Task – Your task is to retype, exactly and only, the lines from the one containing "Menu Rustic Fern" to the final line of the entries, leaving out all pictures.

Listed entries –
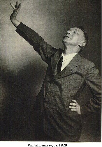Nicholas Vachel Lindsay (1879 – 1931) was een Amerikaans dichter die wel gezien wordt als de oprichter of bedenker van de ‘Singing poetry’ waarbij gedichten worden gezongen of gescandeerd. In die zin kun je hem beschouwen als een voorloper van de slam poëzie en/of spoken word. Hoewel zijn ouders wilde dat hij dokter zou worden dacht Lindsay daar anders over. Hij studeerde Pen & Ink aan de New York School of Art. In New York groeide zijn liefde voor poëzie. Hij probeerde zijn gedichten, die hij zelf stencilde, op straat aan de man te brengen. Daar begon hij ook met een soort ruilhandel: Een gedicht voor een stuk brood.
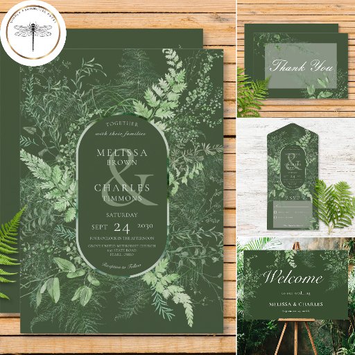 Menu Rustic Fern Green Foliage Emerald Wedding
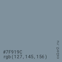 Цвет #7F919C в цветовой модели RGB обозначается тремя октетами (127, 145, 156) в десятичном формате и #7F919C в шестнадцатиричном (hex) формате, которые являются интенсивностью красного 127 (hex 7F), интенсивность зелёного 145 (hex 91) и интенсивность синего 156 (hex 9C).
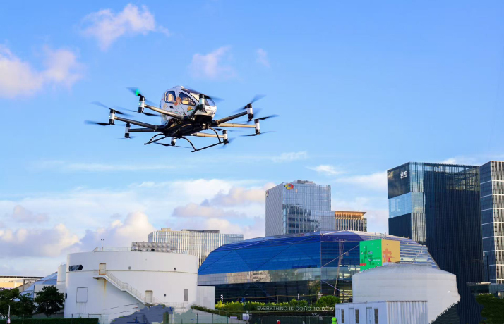 ![]() An electric vertical takeoff and landing aircraft flies over Shanghai on July 23, 2025 (XINHUA)
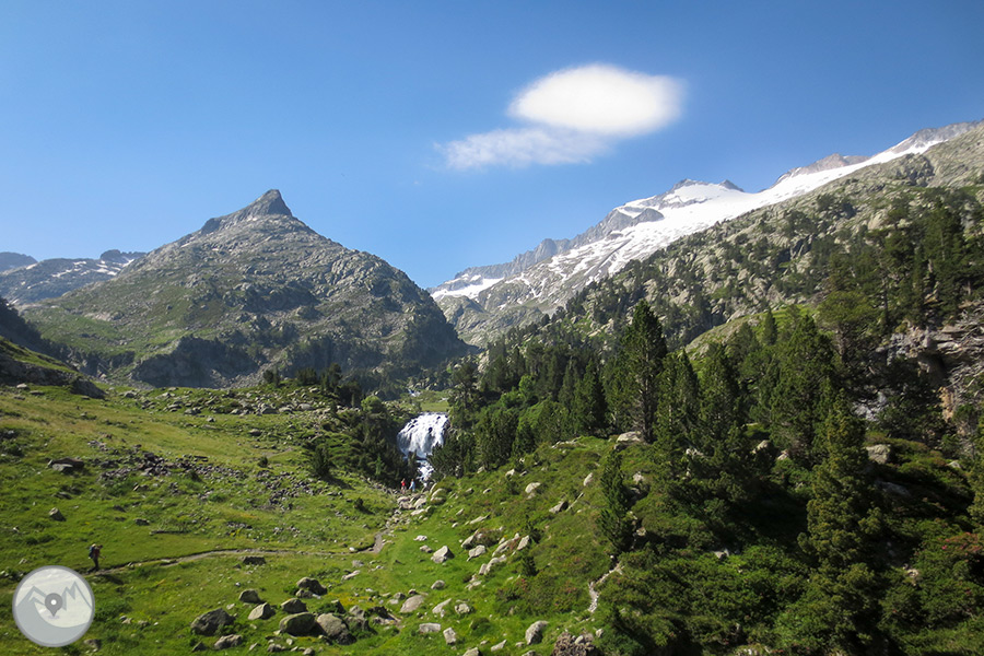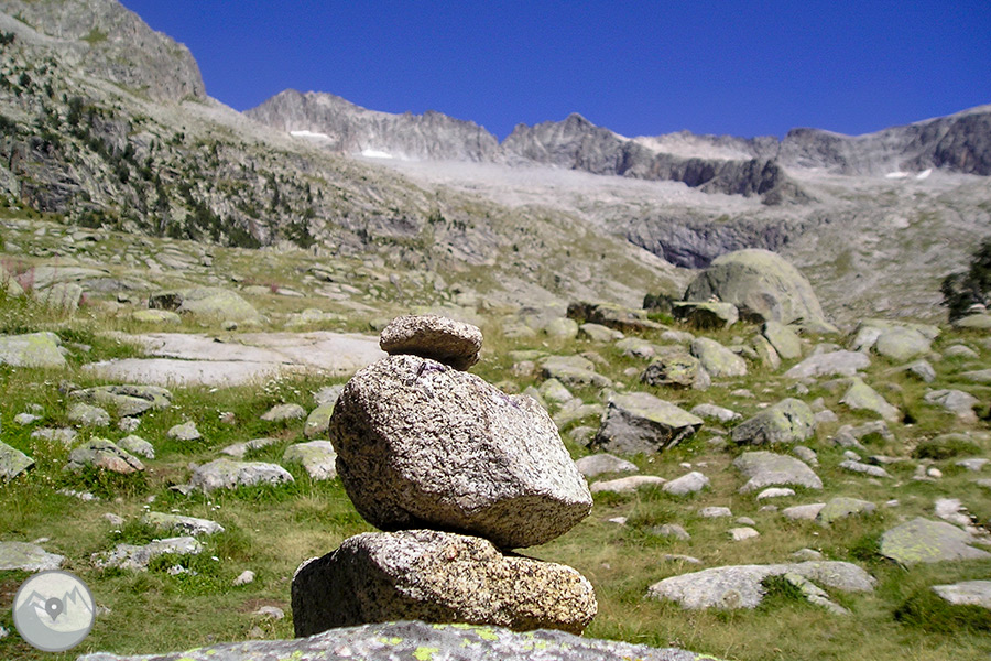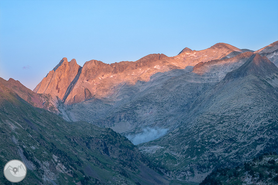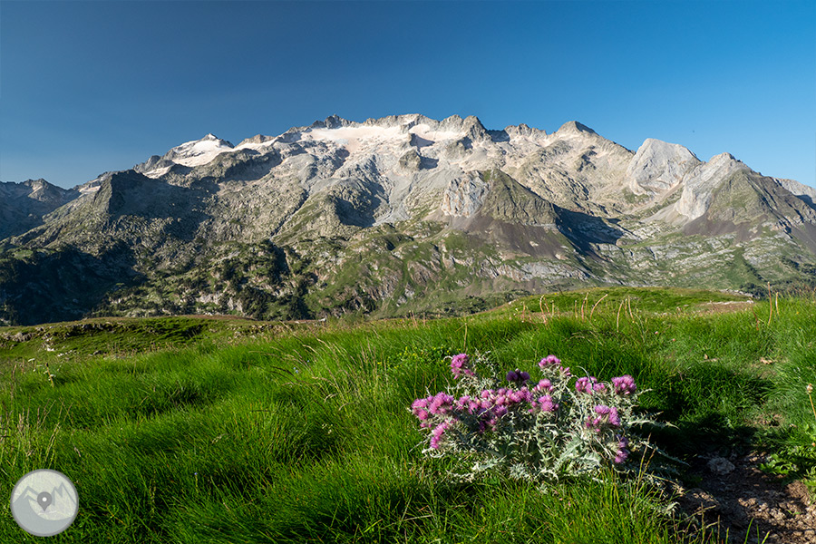 Empezamos la travesía en el Plan de Senarta, remontamos el río Ésera pasando por los conocidos Llanos del Hospital -punto de paso histórico por su proximidad con la frontera- y llegamos a la Besurta, donde nos desviamos hasta el refugio de la Renclusa, donde hacemos la primera noche. El segundo día bajamos hasta los tranquilos Plans de Aigüalluts desde donde ascendemos por el bonito valle de Barrancs hasta el punto más alto de la travesía, el impresionante y panorámico collado de Salenques, a 2.809m de altitud. Continuamos hasta el moderno refugio de Llauset, que, situado a 2.425m, es el refugio más alto del Pirineo aragonés. El último día hacemos ruta enlazando varios pequeños ibones de alta montaña de gran belleza, como los de Coma Arnau, de Vallibierna y de Llosars, y terminamos el itinerario a pie en el puente de Coronas. Punto estratégico donde tomamos el autobús lanzadera del Parque Natural que nos retorna por pista hasta el Plan de Senarta, cerrando así la vuelta al macizo.

Solved problem –
 Menu Rustic Fern Green Foliage Emerald Wedding
 Цвет #7F919C в цветовой модели RGB обозначается тремя октетами (127, 145, 156) в десятичном формате и #7F919C в шестнадцатиричном (hex) формате, которые являются интенсивностью красного 127 (hex 7F), интенсивность зелёного 145 (hex 91) и интенсивность синего 156 (hex 9C).
 ![]() An electric vertical takeoff and landing aircraft flies over Shanghai on July 23, 2025 (XINHUA)
 Empezamos la travesía en el Plan de Senarta, remontamos el río Ésera pasando por los conocidos Llanos del Hospital -punto de paso histórico por su proximidad con la frontera- y llegamos a la Besurta, donde nos desviamos hasta el refugio de la Renclusa, donde hacemos la primera noche. El segundo día bajamos hasta los tranquilos Plans de Aigüalluts desde donde ascendemos por el bonito valle de Barrancs hasta el punto más alto de la travesía, el impresionante y panorámico collado de Salenques, a 2.809m de altitud. Continuamos hasta el moderno refugio de Llauset, que, situado a 2.425m, es el refugio más alto del Pirineo aragonés. El último día hacemos ruta enlazando varios pequeños ibones de alta montaña de gran belleza, como los de Coma Arnau, de Vallibierna y de Llosars, y terminamos el itinerario a pie en el puente de Coronas. Punto estratégico donde tomamos el autobús lanzadera del Parque Natural que nos retorna por pista hasta el Plan de Senarta, cerrando así la vuelta al macizo.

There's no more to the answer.